NEW YORK – When General Motors finally offers stock to the public today, small investors will probably be left out.

Pension funds, mutual funds and other big institutions all want a piece of the rehabilitated GM. That means the three dozen banks divvying up the new shares may not have much left for individual investors.

And being left out of the initial public offering can mean being left out of some big profits: Shares of newly public companies sometimes jump 10 percent or more on the first day of trading, handing easy money to those lucky enough to get access at the offering price.

“Wall Street is only begrudgingly involving individual investors,” laments David Menlow, founder of research company The attitude is it’s “our ball and our rules.”

The most important rule of all: The banks handling IPOs — called underwriters — get to pick who gets the shares at the offering price. And critics say those shares often go to favored clients or potential clients — that is, institutions that pay lots of trading commissions to the banks, not the small fry.

“It’s still the good ol’ boys network,” says Menlow. “As much as the firms would argue to the contrary, it’s still, ‘How much business are you doing with us?”‘

The GM sale is one of the largest and most anticipated IPOs in years. For sale are 478 million shares and a piece of an iconic American manufacturer. The biggest seller is the U.S. government, which hopes to cut its ownership from 61 percent to 33 percent or less. The government got the stake in exchange for help in saving GM from near collapse with $51 billion in taxpayer money.

That the small guy had to rescue the company when it was sick but could get shut out now that it’s healthy has rankled some investors. The U.S. government had said it wanted small investors to have an opportunity to invest in the IPO, though it never specified just how many shares would be made available.
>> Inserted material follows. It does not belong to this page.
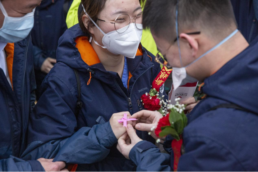 今年3月,在武漢方艙醫(yī)院休艙當(dāng)日,一名新冠肺炎康復(fù)患者和照顧他的醫(yī)務(wù)人員緊緊擁抱在一起。原本出院是一件開心的事情,可歷經(jīng)幾十天的朝夕相處,所有人都對(duì)這場(chǎng)離別依依不舍。

The backroom deals by bankers helping companies go public have drawn fierce criticism over the years. Longtime Silicon Valley financier Bill Hambrecht says the bankers often don’t get the highest price possible for new shares and are rewarded too much for their work anyway. He favors Dutch auctions that allocate new shares to the highest bidders including small investors. His company, WR Hambrecht + Co., used such an auction to take Google Inc. public in 2004.

Treasury spokesman Mark Paustenbach had no comment on whether an auction was considered for GM or on how many shares will go to individual investors.

Of course, a successful return by GM to the public markets should be celebrated. Though it’s not certain Washington will get all its money back, a successful IPO at least makes it more likely. And a lot of small investors shut out of the IPO will have money in mutual funds that are allowed to buy.

Issues of fairness aside, IPO experts note it’s unusual for individual investors to get many shares at offering prices. In fact, it’s so unusual that when a lot are offered, everyone assumes it’s because big, sophisticated investors have spurned them first. “It’s a winner’s curse,” says Matt Therian of Renaissance Capital, a research firm that tracks IPOs.